L’exil de Gérard Depardieu en Belgique agace. Du public au Premier ministre, les voies s’élèvent contre ceux qui fuient le fisc. De quoi aussi donner des idées à certains : un député propose que l’on retire leur nationalité à tous ceux qui refusent de payer leurs impôts en France.

Gérard Depardieu doit-il craindre de se voir déchu sa nationalité française ? En partant s’installer en Belgique, l’acteur a énervé beaucoup de monde, en particulier dans la classe politique. Si certains le prennent avec plus ou moins d’humour, d’autres fustigent cette initiative. « Je trouve ça tellement dommage. On avait Astérix et Obélix. Astérix est parti à Londres, Obélix part à Bruxelles... » déplore ainsi Nathalie kosciusko-Morizet, non sans ironie, faisant référence à Christian Clavier parti s’installer à Londres il y a quelques mois. Le Premier ministre lui, est beaucoup moins tendre avec ceux qui cherchent à « s'exonérer de la solidarité avec les autres Français ».

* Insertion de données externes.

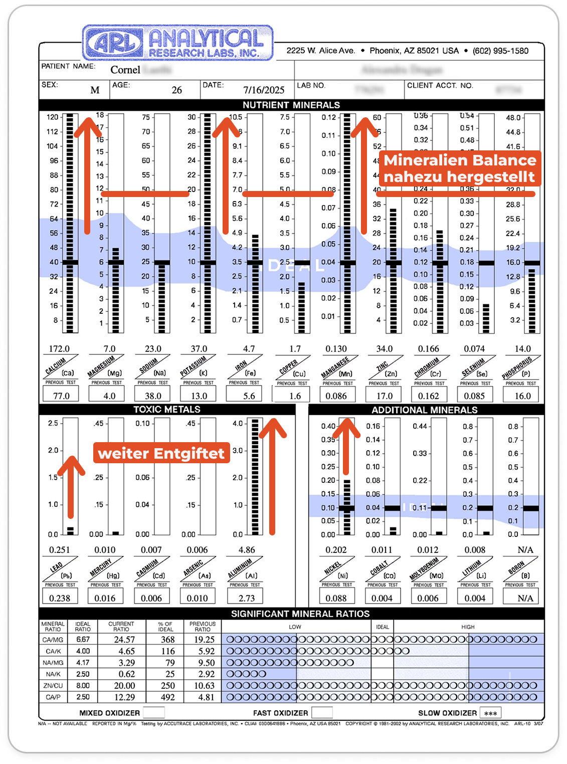 Die zweite Haaranalyse zeigte bereits deutliche Fortschritte. Der Kalziumwert hatte sich normalisiert, was Cornelius als Verlust eines "Schutzschildes" wahrnahm. Interessanterweise sahen wir hier einen Übergang von einer Unterfunktion der Nebenniere und Schilddrüse zu einer Überfunktion.

« Ceux qui s'exilent à l'étranger, ce ne sont pas ceux qui ont peur de devenir pauvres. C'est parce qu'ils voudraient devenir encore plus riches » a déclaré hier Jean-Marc Ayrault lors d’une conférence de presse. Pour lutter contre l’exil fiscal, Yann Galut, député PS du Cher, propose donc une mesure radicale : déchoir de leur nationalité tous ceux qui s’installe à l’étranger pour une question d’impôt. « Cette démarche particulièrement égoïste poursuit un seul objectif : soustraire à la juste contribution leurs patrimoines astronomiques au mépris de la solidarité nationale » estime-t-il.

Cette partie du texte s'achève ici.